Mahkamah Agung India Putuskan Lahan Bekas Masjid Berusia 5 Abad Bisa Dibangun Kuil Hindu

Anton Suhartono ยท Minggu, 10 November 2019 - 16:13 WIB
Mahkamah Agung India Putuskan Lahan Bekas Masjid Berusia 5 Abad Bisa Dibangun Kuil Hindu

Petugas keamanan berjaga di Ayodhya terkait pengumuman putusan MA India (Foto: AFP)

AYODHYA, iNews.id -  Mahkamah Agung India pada Sabtu (9/11/2019) mengeluarkan putusan yang memenangkan gugatan komunitas Hindu atas lahan bekas berdirinya masjid berusia 5 abad di Kota Ayodhya.

Masjid Ayodhya menjadi simbol perjuangan umat Islam India yang berusaha mempertahankannya saat diserang kelompok Hindu pada 1992. Lebih dari 2.000 orang meninggal saat itu, kebanyakan umat Islam. Masjid megah tersebut akhirnya dirobohkan.

Umat Hindu beranggapan, lahan tempat berdirinya masjid dulunya merupakan kuil suci. Ayodhya dianggap umat Hindu sebagai tempat lahirnya dewa Rama.

Menjelang pengumuman Mahkamah Agung pada Sabtu, Kota Ayodhya sempat mencekam. Warga mengira akan terjadi bentrokan sebagaimana pada 1992. Banyak warga yang memborong makanan karena mengira akan pecah kerusuhan dalam waktu lama terkait protes yang dilakukan umat Islam untuk mempertahankan lahan tersebut.

Harga sayuran dan bahan pokok sempat meroket ketika pasukan keamanan mengambil alih kota berpenduduk 540.000 jiwa itu menjelang putusan. Namun kerusuhan yang dikhawatirkan tak terjadi.

“Ketika berita ini disampaikan pada Jumat malam bahwa Mahkamah Agung akan mengeluarkan putusan, tidak ada yang tahu apa yang akan terjadi. Semua orang bersiap jika ada kekerasan," kata Janaka Lal Gupta, seorang pria Hindu berusia 60 tahun yang bekerja sebagai penjual patung, dikutip dari AFP, Minggu (10/11/2019).

“Ini akhirnya selesai.
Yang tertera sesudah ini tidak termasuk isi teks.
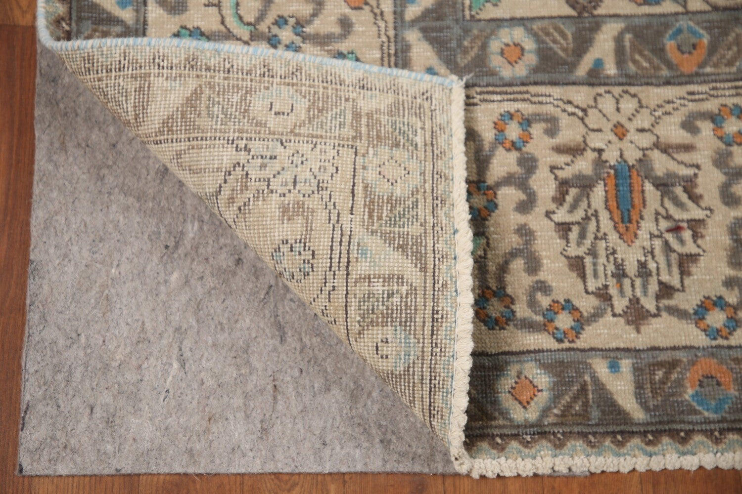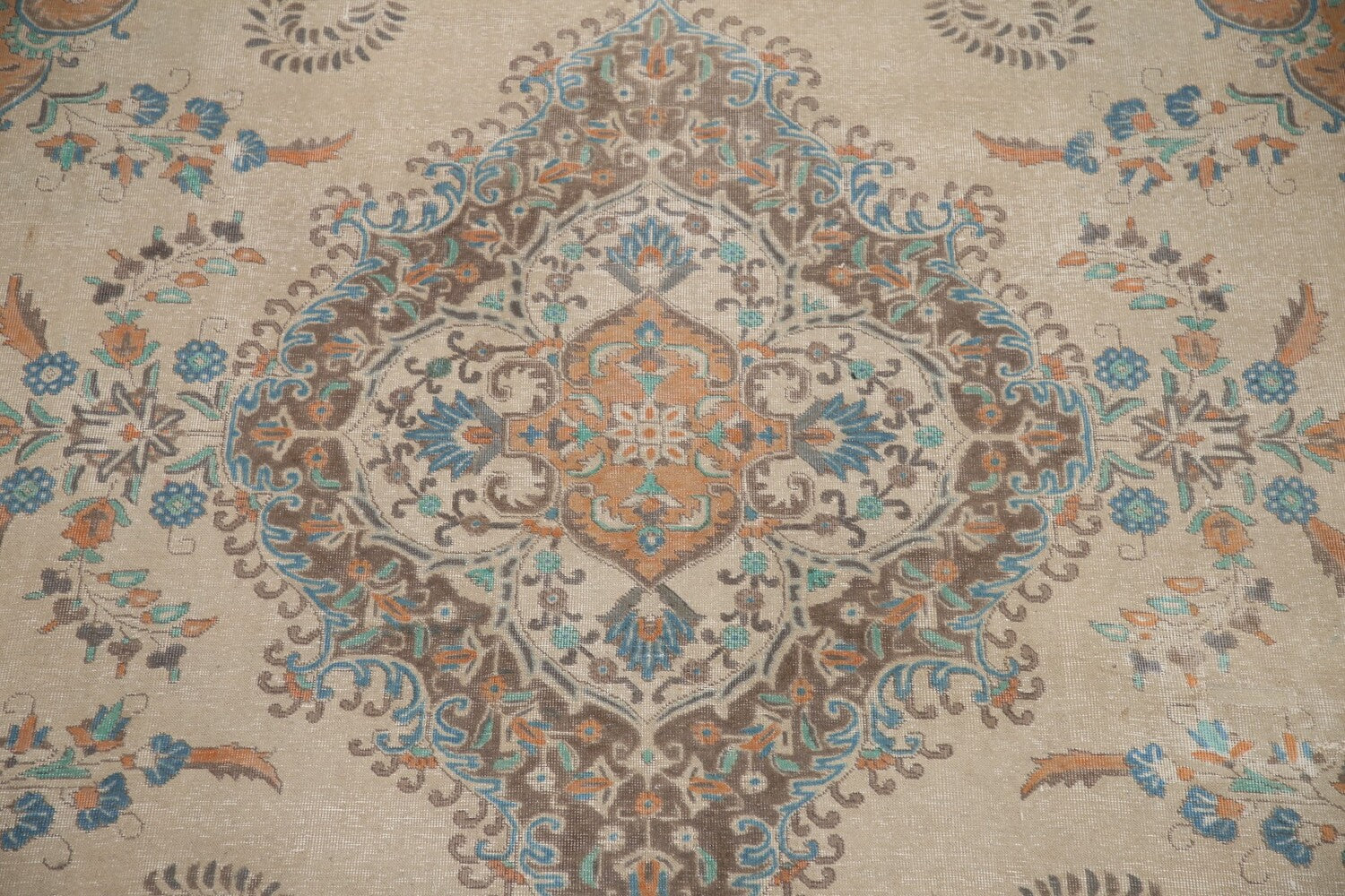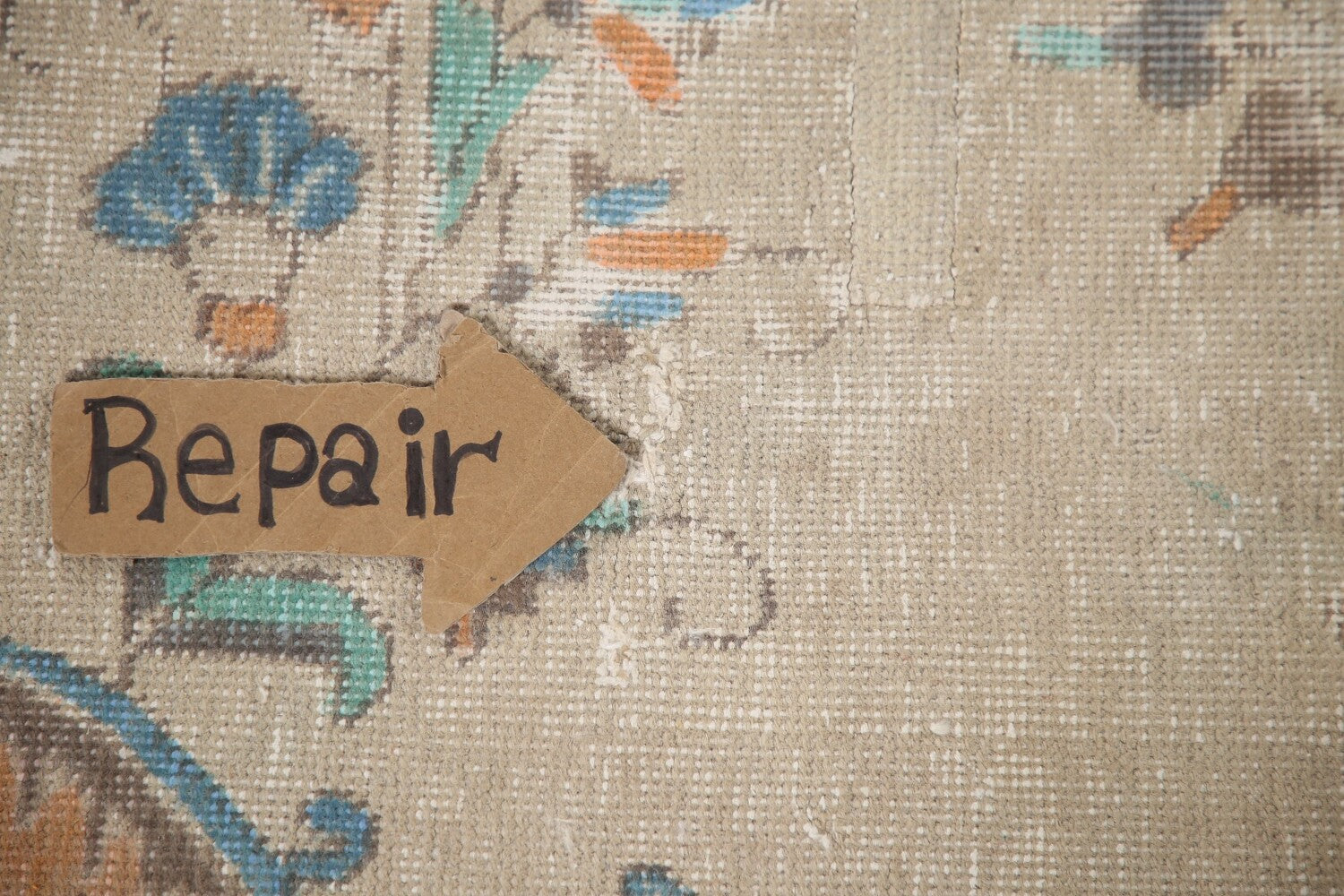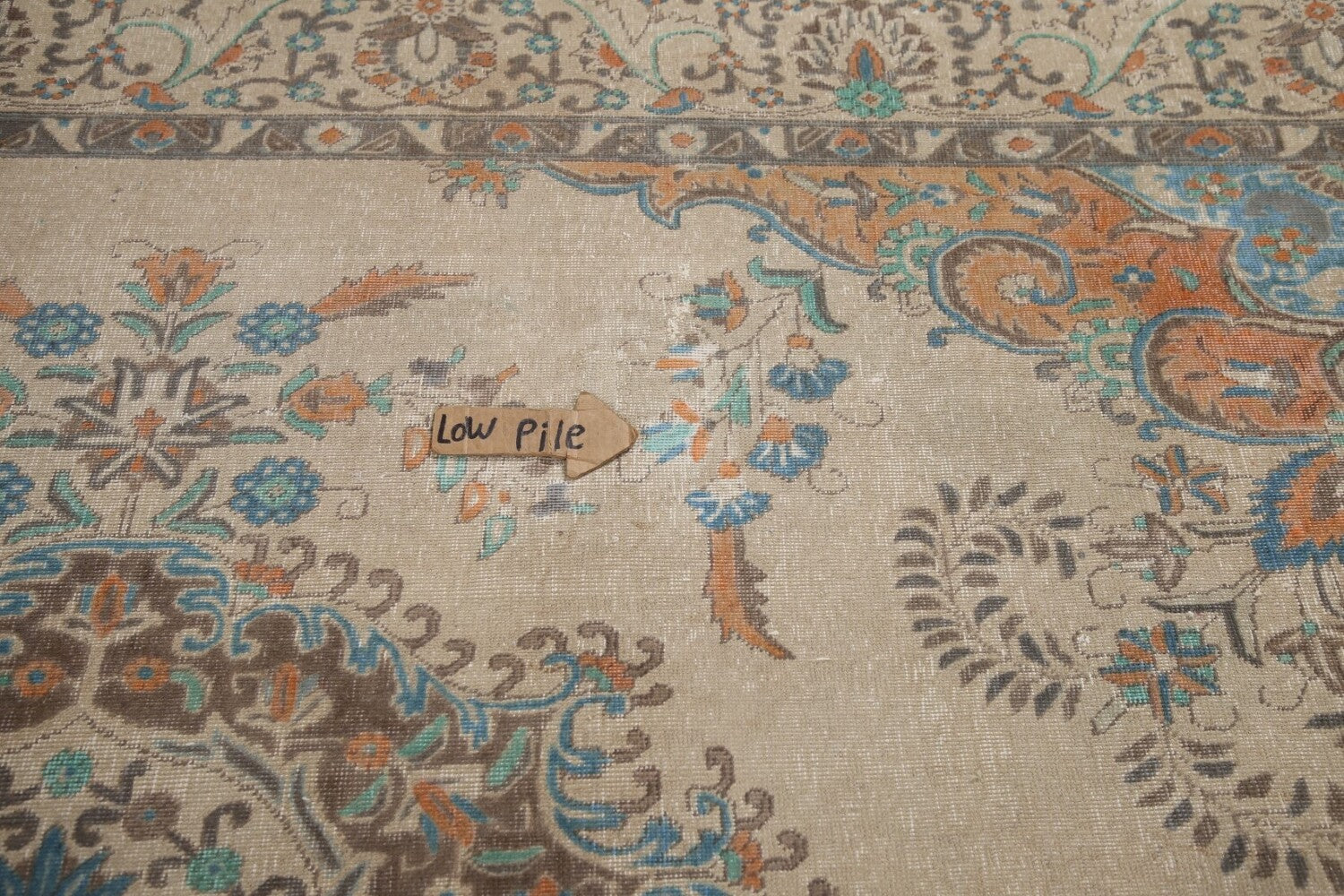 A Beautiful Genuine Persia ( Persia ) Tabriz rug is Hand Knotted by skillful weavers in Persia ( Persia ) with 100% Wool Material. This rug is in Very Good (Low Pile-Repairs) condition. dimensions are 12' 11'' X 9' 6'' in foot and 394 X 290 in centimeter. the primary color is Beige & Ivories.

Sekarang tidak akan ada lagi penjagaan keamanan atau malam-malam tanpa tidur," kata Gupta, menambahkan.

Setelah putusan ini umat Hindu bersuka ria. Rumah-rumah dan toko-toko dihiasi dengan lilin dan lampu minyak yang biasanya digunakan untuk festival Diwali.

"Saya tidak pernah berpikir akan melihat hari ini," kata Ram Pyari, seorang pria 80 tahun pemilik toko kosmetik.

"Saya ingat jam malam, kekerasan dan pertempuran selama bertahun-tahun di Ayodhya. Semoga masa depan akan berbeda," ujarnya, lagi.

Sementara itu komunitas muslim India sangat kecewa dengan putusan Mahkamah Agung. Namun mereka pasrah seraya mendesak pemerintah untuk mencari tempat pengganti untuk dibangun masjid baru.

“Semua penduduk Ayodhya cemas tentang putusan itu," kata Mohammad Saleem, seorang pedagang berusia 48 tahun.

Umat Islam di India semakin terpojok sejak negara itu dipimpin Perdana Menteri nasionalis Hindu Narendra Modi.

Modi mencoba mendamaikan suasana dengan mengatakan apa pun putusannya, bukan masalah kemenangan atau kerugian bagi pihak mana pun.

Ayodhya merupakan salah satu tempat ziarah paling suci bagi umat Hindu. Tak heran jika perekonomian di sana bergantung pada wisata religi.